The Huntington's disease Outreach Project for Education at Stanford (HOPES) is a student-run project at Stanford University dedicated to making scientific information about Huntington's disease (HD) more readily accessible to patients and the public. It was initiated by Professor William H. Durham in 2000. The HOPES team surveys the rapidly growing scientific and clinical literature on Huntington's disease. They then present this information in a web resource that reflects the current scientific understanding of HD.

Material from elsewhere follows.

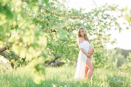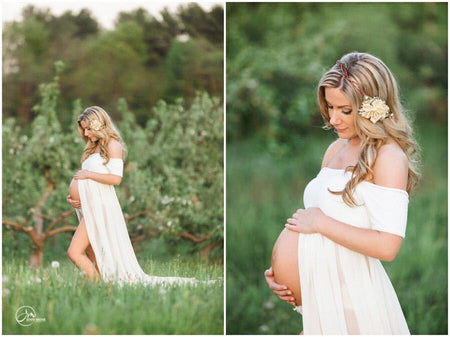 Cameron Gown • Off the Shoulder Gown • Cap Sleeve Pregnancy Dress • Sheer Chiffon Maternity Gown • by Sew Trendy

The HOPES website provides information about topics including the causes and symptoms of HD, existing drugs and supplements that may help HD patients, recent advances in HD research and lifestyle choices for managing HD. Articles summarize and synthesize recent research on HD for a non-technical audience. The website is designed for people of all ages and scientific backgrounds. Material ranges from interactive articles about basic genetics, written for children, to more comprehensive topics in molecular neuroscience, such as the potential for stem cells to treat or cure HD.

==Awards==
In June 2008 HOPES was honored with the first annual “Giving a Voice to HD” award from the Huntington's Disease Society of America (HDSA), which recognizes an individual or group who has helped to raise awareness about HD in the community.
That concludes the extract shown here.